Reproduce, word for word, all of the records; the pictures stay out.

(Records from a data collection)
<<<<
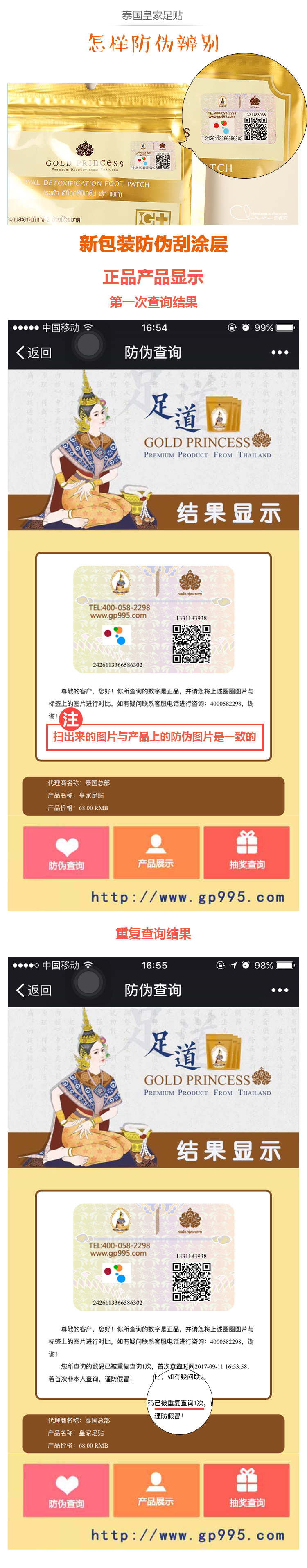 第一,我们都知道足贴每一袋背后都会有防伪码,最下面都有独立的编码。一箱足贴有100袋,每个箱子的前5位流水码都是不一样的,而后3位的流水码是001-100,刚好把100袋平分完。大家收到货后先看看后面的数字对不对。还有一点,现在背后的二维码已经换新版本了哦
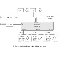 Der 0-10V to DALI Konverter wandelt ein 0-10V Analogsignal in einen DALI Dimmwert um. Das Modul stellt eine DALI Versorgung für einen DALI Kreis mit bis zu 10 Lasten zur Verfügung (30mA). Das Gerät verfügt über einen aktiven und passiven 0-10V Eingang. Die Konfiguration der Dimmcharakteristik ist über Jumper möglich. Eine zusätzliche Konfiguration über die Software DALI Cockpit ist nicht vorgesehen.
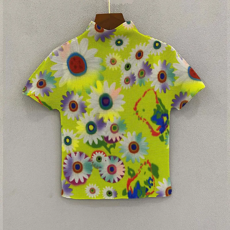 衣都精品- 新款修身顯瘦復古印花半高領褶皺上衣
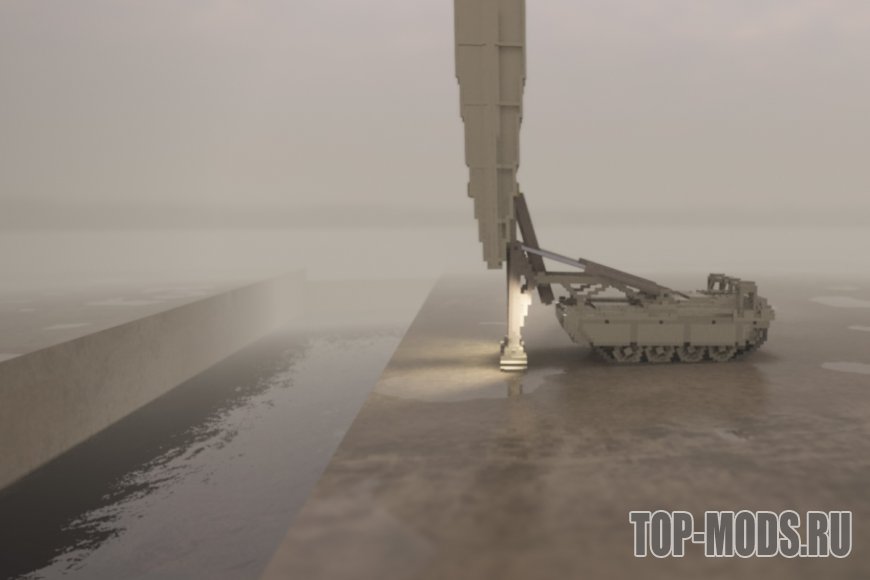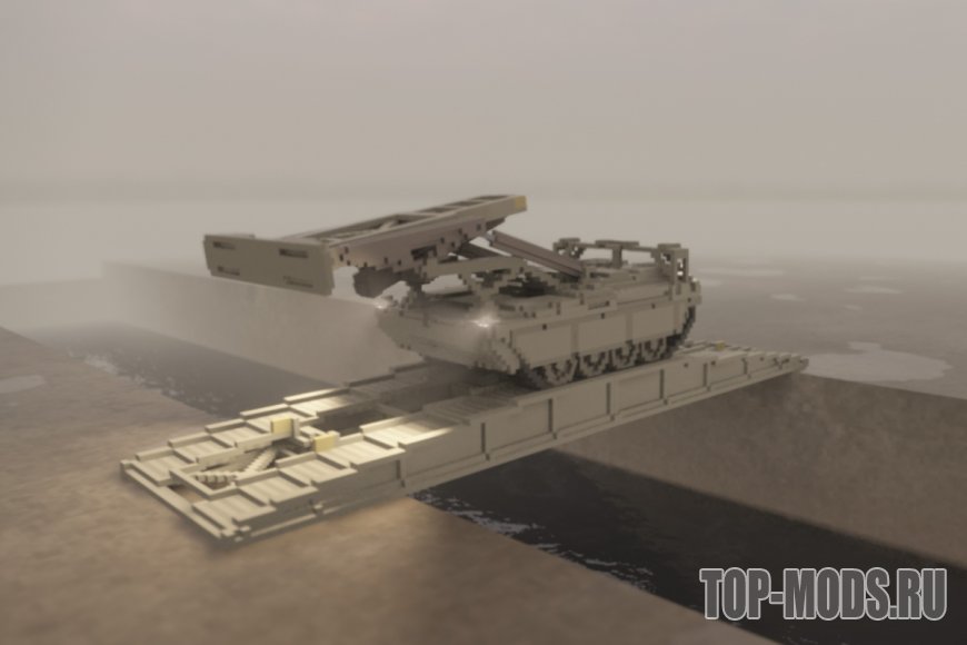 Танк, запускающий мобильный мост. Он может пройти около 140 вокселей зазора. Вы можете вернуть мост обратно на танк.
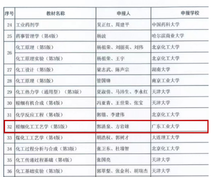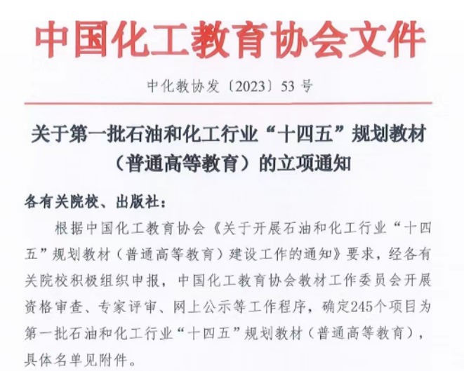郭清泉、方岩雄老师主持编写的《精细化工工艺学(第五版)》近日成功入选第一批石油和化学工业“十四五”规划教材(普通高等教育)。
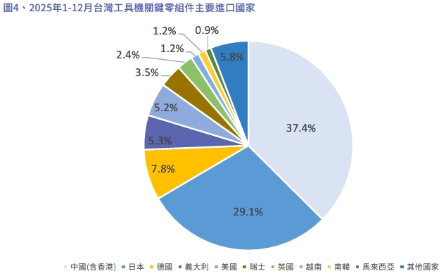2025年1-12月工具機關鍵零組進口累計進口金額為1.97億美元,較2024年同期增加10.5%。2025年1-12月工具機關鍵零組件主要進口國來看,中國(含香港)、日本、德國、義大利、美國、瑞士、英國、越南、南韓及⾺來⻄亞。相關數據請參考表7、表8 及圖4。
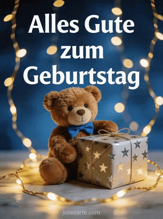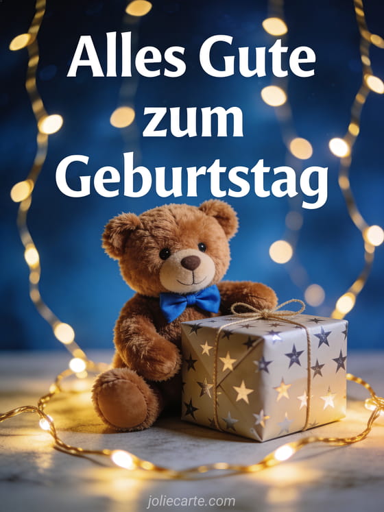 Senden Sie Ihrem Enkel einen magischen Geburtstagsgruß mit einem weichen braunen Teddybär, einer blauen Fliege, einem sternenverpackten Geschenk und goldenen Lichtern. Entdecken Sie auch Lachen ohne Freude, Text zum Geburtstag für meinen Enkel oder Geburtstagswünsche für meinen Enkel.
>>>>
### SOLVED PROBLEM
 第一,我们都知道足贴每一袋背后都会有防伪码,最下面都有独立的编码。一箱足贴有100袋,每个箱子的前5位流水码都是不一样的,而后3位的流水码是001-100,刚好把100袋平分完。大家收到货后先看看后面的数字对不对。还有一点,现在背后的二维码已经换新版本了哦
 Der 0-10V to DALI Konverter wandelt ein 0-10V Analogsignal in einen DALI Dimmwert um. Das Modul stellt eine DALI Versorgung für einen DALI Kreis mit bis zu 10 Lasten zur Verfügung (30mA). Das Gerät verfügt über einen aktiven und passiven 0-10V Eingang. Die Konfiguration der Dimmcharakteristik ist über Jumper möglich. Eine zusätzliche Konfiguration über die Software DALI Cockpit ist nicht vorgesehen.
 衣都精品- 新款修身顯瘦復古印花半高領褶皺上衣
 Танк, запускающий мобильный мост. Он может пройти около 140 вокселей зазора. Вы можете вернуть мост обратно на танк.
郭清泉、方岩雄老师主持编写的《精细化工工艺学(第五版)》近日成功入选第一批石油和化学工业“十四五”规划教材(普通高等教育)。
2025年1-12月工具機關鍵零組進口累計進口金額為1.97億美元,較2024年同期增加10.5%。2025年1-12月工具機關鍵零組件主要進口國來看,中國(含香港)、日本、德國、義大利、美國、瑞士、英國、越南、南韓及⾺來⻄亞。相關數據請參考表7、表8 及圖4。
 Senden Sie Ihrem Enkel einen magischen Geburtstagsgruß mit einem weichen braunen Teddybär, einer blauen Fliege, einem sternenverpackten Geschenk und goldenen Lichtern. Entdecken Sie auch Lachen ohne Freude, Text zum Geburtstag für meinen Enkel oder Geburtstagswünsche für meinen Enkel.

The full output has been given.